• **Work instructions**
Could you restate word for word only the lines below from the one holding "Figure 4: MDA5" to the one holding "Naklejka premium Cute", inclusive, and leave out the pictures?

• **Provided records**
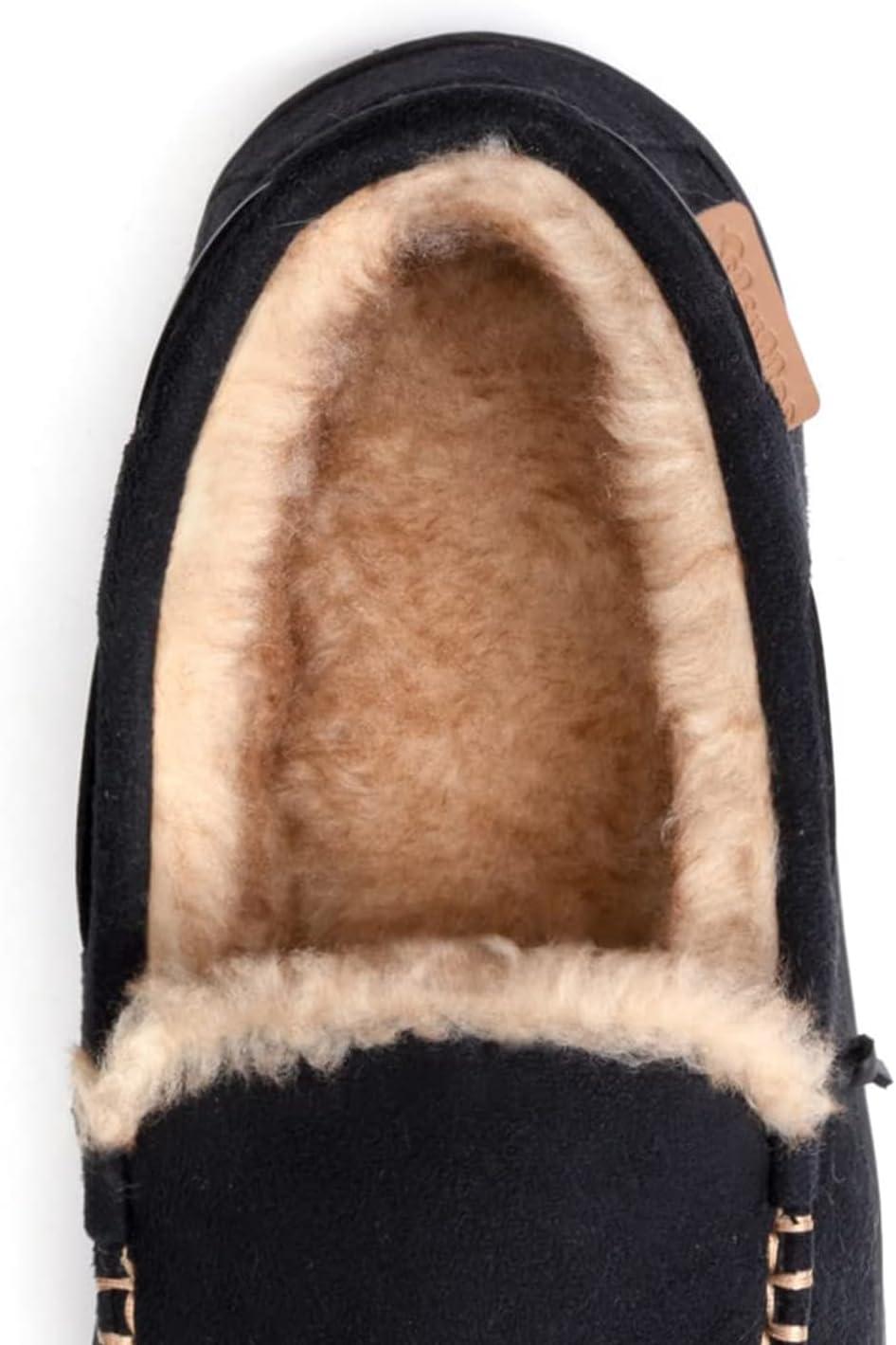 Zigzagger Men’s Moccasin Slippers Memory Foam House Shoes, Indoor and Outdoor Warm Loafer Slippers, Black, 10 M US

...

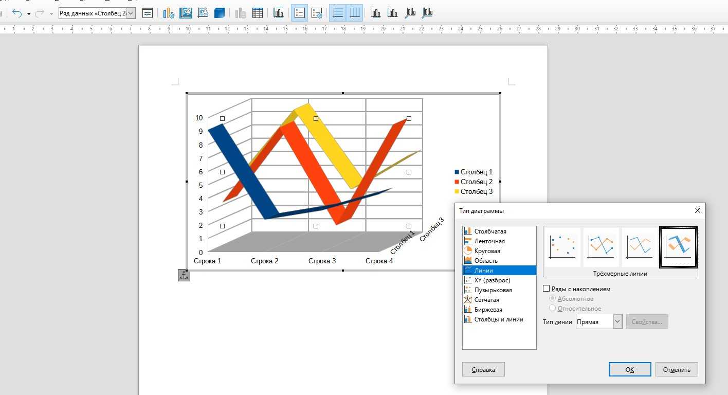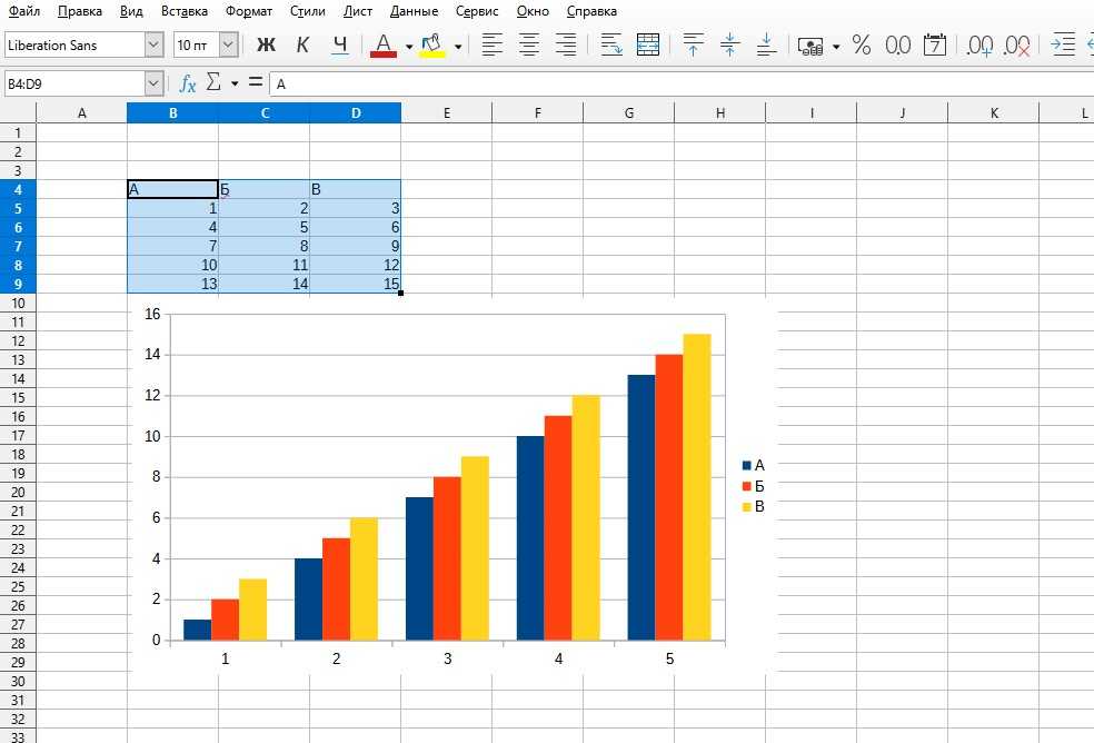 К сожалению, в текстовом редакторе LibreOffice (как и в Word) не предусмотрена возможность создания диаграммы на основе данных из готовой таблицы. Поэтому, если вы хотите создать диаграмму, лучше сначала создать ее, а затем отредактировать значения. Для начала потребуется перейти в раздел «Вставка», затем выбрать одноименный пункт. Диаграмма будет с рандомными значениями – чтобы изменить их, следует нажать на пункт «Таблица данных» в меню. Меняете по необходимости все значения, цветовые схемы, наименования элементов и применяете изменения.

--

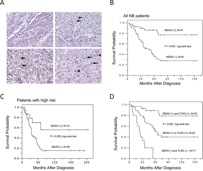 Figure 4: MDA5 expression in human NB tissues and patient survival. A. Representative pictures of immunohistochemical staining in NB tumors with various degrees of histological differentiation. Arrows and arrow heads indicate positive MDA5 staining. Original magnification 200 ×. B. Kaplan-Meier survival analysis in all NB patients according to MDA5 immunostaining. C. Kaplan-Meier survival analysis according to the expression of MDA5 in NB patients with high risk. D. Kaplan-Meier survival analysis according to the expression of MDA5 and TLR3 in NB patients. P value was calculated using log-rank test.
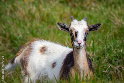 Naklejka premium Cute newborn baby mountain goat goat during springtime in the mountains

• **Result of this exercise**
 Figure 4: MDA5 expression in human NB tissues and patient survival. A. Representative pictures of immunohistochemical staining in NB tumors with various degrees of histological differentiation. Arrows and arrow heads indicate positive MDA5 staining. Original magnification 200 ×. B. Kaplan-Meier survival analysis in all NB patients according to MDA5 immunostaining. C. Kaplan-Meier survival analysis according to the expression of MDA5 in NB patients with high risk. D. Kaplan-Meier survival analysis according to the expression of MDA5 and TLR3 in NB patients. P value was calculated using log-rank test.
 Naklejka premium Cute newborn baby mountain goat goat during springtime in the mountains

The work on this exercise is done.